The provision for loan losses totaled $1.8 million for the fourth quarter of 2010, compared to $15.7 million for the same period a year ago. The amount of the provision recorded in the fourth quarter of 2010 reflects the increase in classified loans resulting from a third party review of our loan portfolio and an increase in delinquencies and non-performing loans from September 30, 2010. The provision for loan losses of $15.7 million for the fourth quarter of 2009 was reflective of deteriorating asset quality, higher net loan charge-offs and the results of a regulatory examination in the early part of 2010.
Non-interest income for the quarter ended December 31, 2010 totaled $1.0 million compared to $895 thousand for the fourth quarter of 2009. The increase from the fourth quarter of 2009 was primarily due to higher net gains on sales of loans.
Non-interest expense for the fourth quarter ended December 31, 2010 totaled $3.5 million, compared to $2.9 million for the fourth quarter of 2009. The increase was mostly due to a higher provision for losses on real estate owned (REO). Also contributing to higher non-interest expense in the 2010 fourth quarter were higher consulting fees related to the independent third party review of our loan portfolio, higher premiums for FDIC insurance, and higher appraisal expenses related to delinquent loans and REO.
2
Balance Sheet Summary
Total assets were $483.9 million at December 31, 2010, which represented a decrease of $37.1 million, or 7%, from December 31, 2009. During 2010, cash and cash equivalents increased by $14.5 million, net loans (including loans held for sale) decreased by $41.6 million, securities decreased by $8.0 million and REO increased by $1.0 million.
Loan originations, including purchases, for the year ended December 31, 2010 totaled $17.5 million compared to $154.7 million for the year ended December 31, 2009. Loan repayments, including loan sales, totaled $39.3 million for the year ended December 31, 2010, compared to $37.8 million for the comparable period in 2009. Loans transferred to REO during 2010 totaled $5.0 million, compared to $2.1 million during 2009. In addition, during 2010 we transferred $24.0 million of loans to loans receivable held for sale, compared to $-0- during 2009.
Deposits totaled $348.4 million at December 31, 2010, down $37.0 million, or 10%, from year-end 2009. During 2010, core deposits (NOW, demand, money market and passbook accounts) decreased by $6.8 million and certificates of deposit (CDs) decreased by $30.2 million. Included in the $30.2 million decrease in CDs was an $82.8 million reduction in our brokered deposits, which was partially offset by a $52.6 million increase in our regular CDs. Brokered deposits represented 5% of total deposits at December 31, 2010 compared to 26% at December 31, 2009.

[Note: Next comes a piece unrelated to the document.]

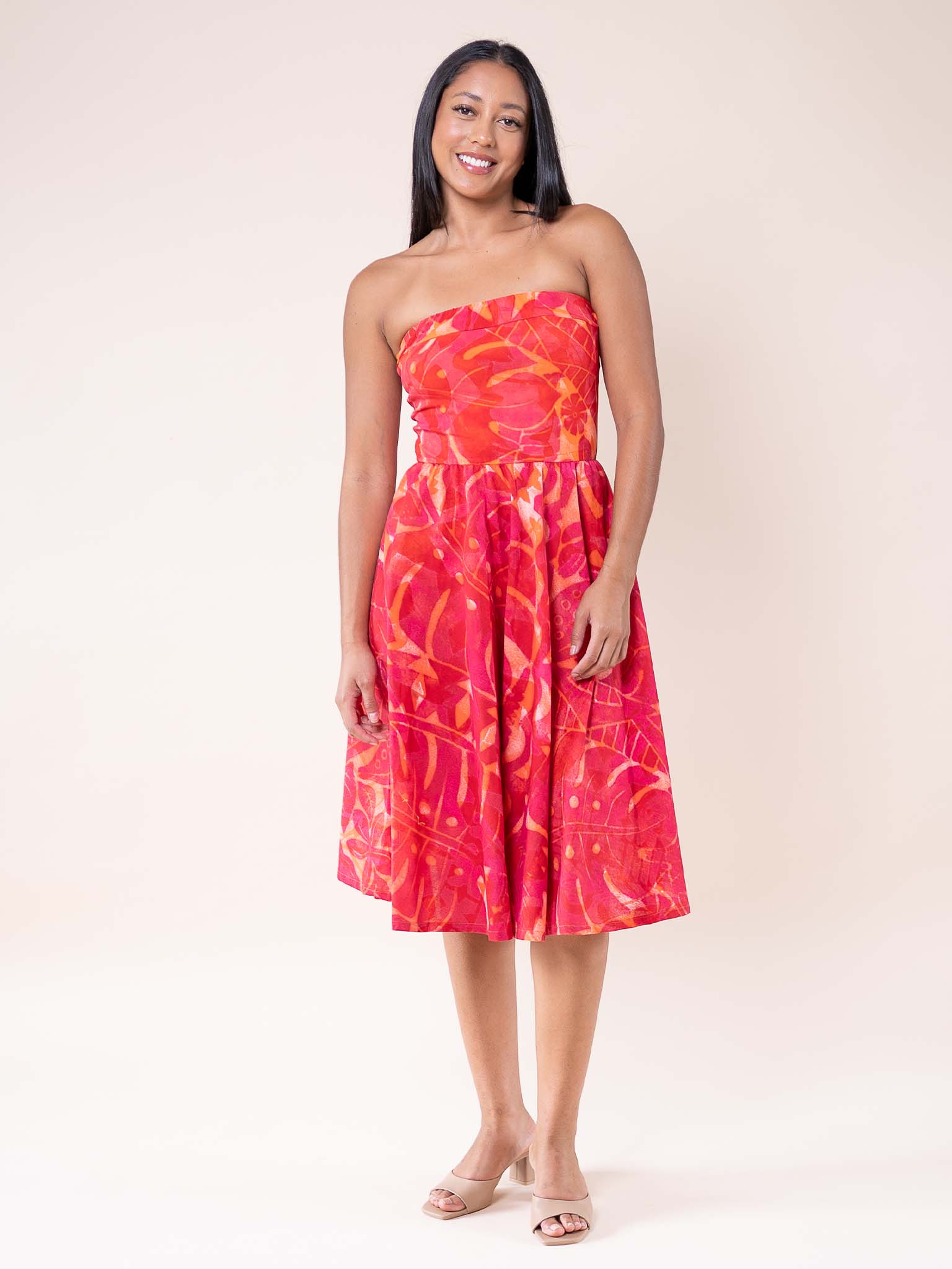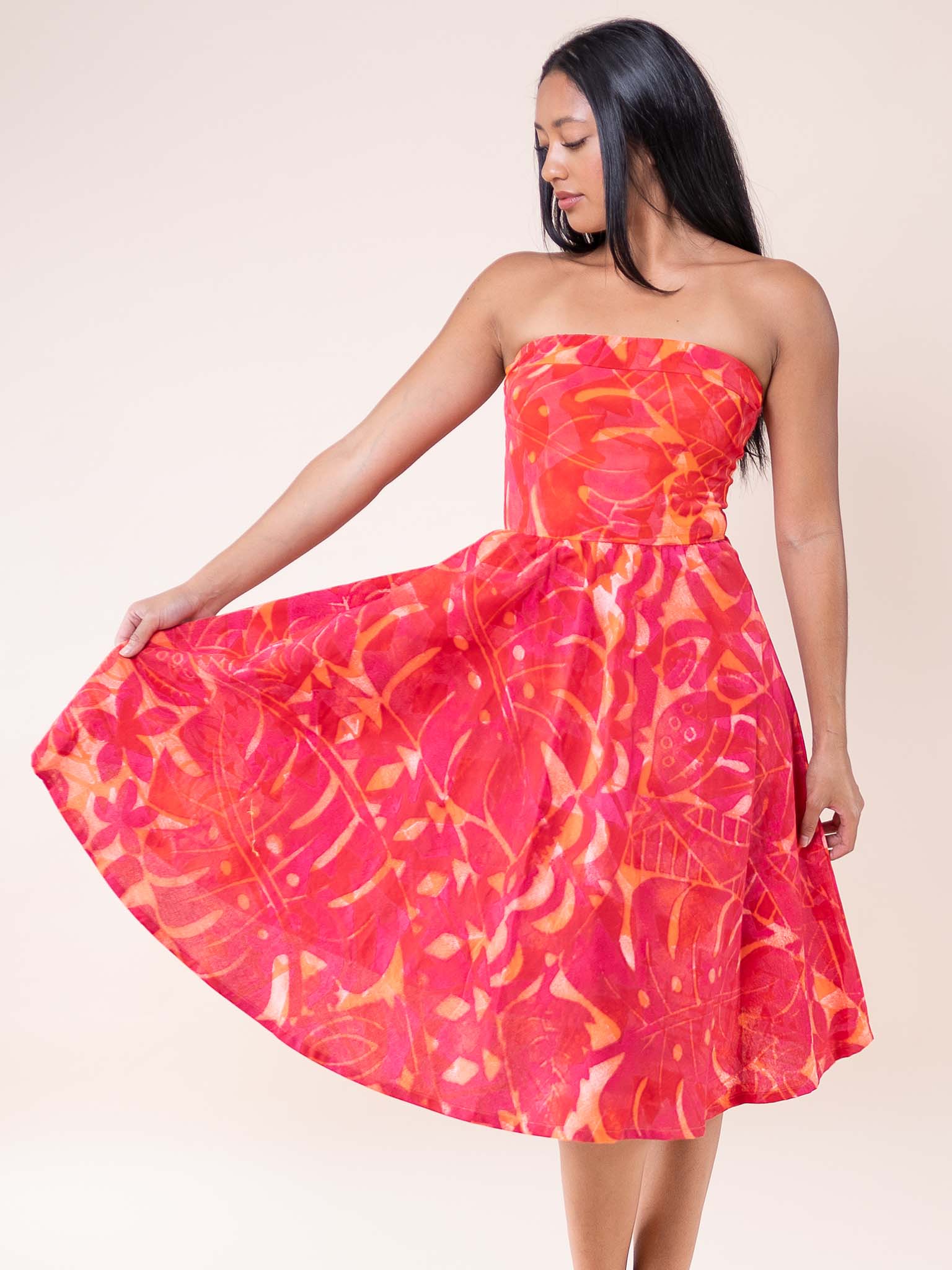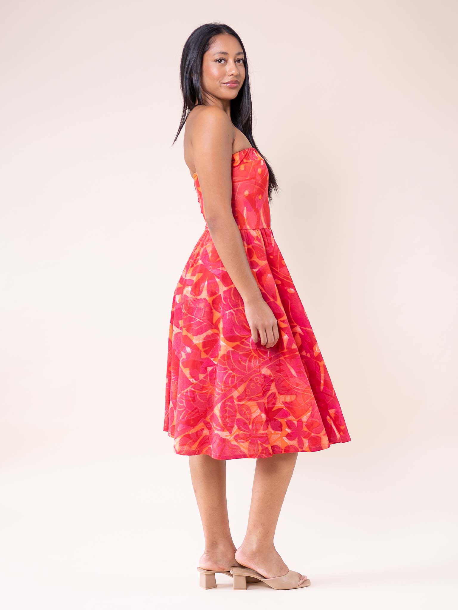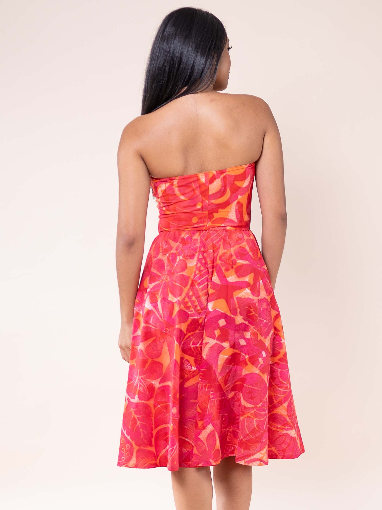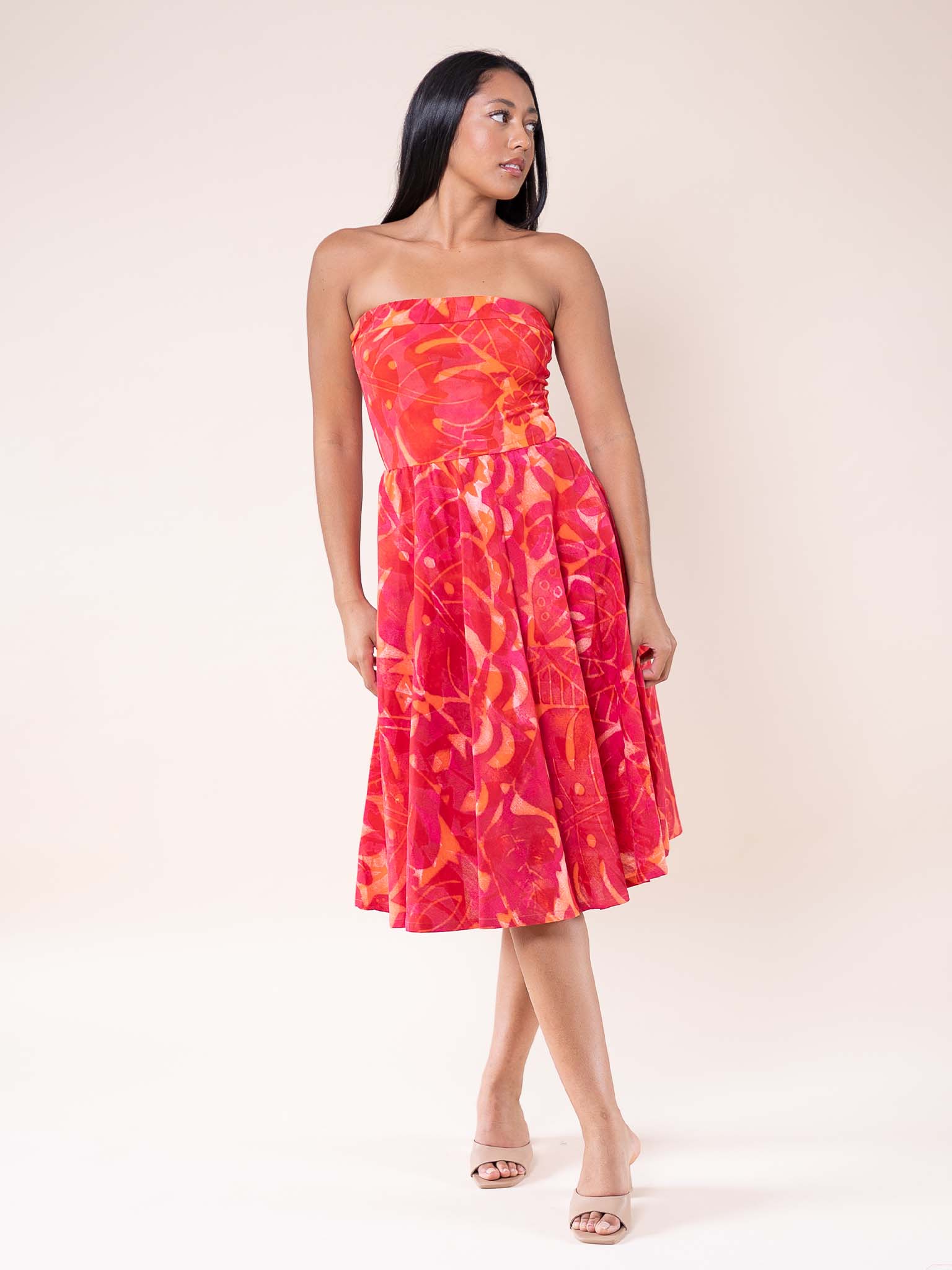 A 50's inspired cinched waist dress with a half full skirt dropping just below the knee. Featuring a strapless neckline.

Stockholders equity was $32.9 million, or 7% of the Companys total assets, at December 31, 2010. At December 31, 2010, the Banks Total Risk-Based Capital ratio was 13.05%, its Tier 1 Risk-Based Capital ratio was 11.76%, and its Core Capital and Tangible Capital ratios were 8.82%. The Company is currently implementing a Recapitalization Plan to increase capital and reduce debt and senior securities, including a sale of additional common stock and exchanges of preferred stock for common stock at a discount to the liquidation amount, to further strengthen the Companys capital ratios, and position the Bank for future growth.
Asset Quality
Non-performing assets, comprised of non-performing loans (NPLs) and REO, were $46.5 million, or 9.60% of total assets, at December 31, 2010, compared to $37.0 million, or 7.10% of total assets, at December 31, 2009. During 2010, NPLs increased by $8.5 million to $43.4 million from the balance at the end of 2009. These loans consist of delinquent loans that are 90 days or more past due and troubled debt restructurings (TDRs) that do not qualify for accrual status. The NPLs included 37 commercial real estate loans totaling $28.6 million, 15 one-to-four family residential real estate loans totaling $6.2 million, four multi-family residential real estate loans totaling $2.2 million, two commercial loans totaling $3.8 million, two consumer loans totaling $2.3 million, and one land loan of $0.3 million. In addition to the NPLs discussed above, there were $22.5 million and $21.5 million of accruing TDRs at December 31, 2010 and 2009. These TDRs are on accrual status as the loans have complied with the terms of their restructured agreements for a period of six months or longer.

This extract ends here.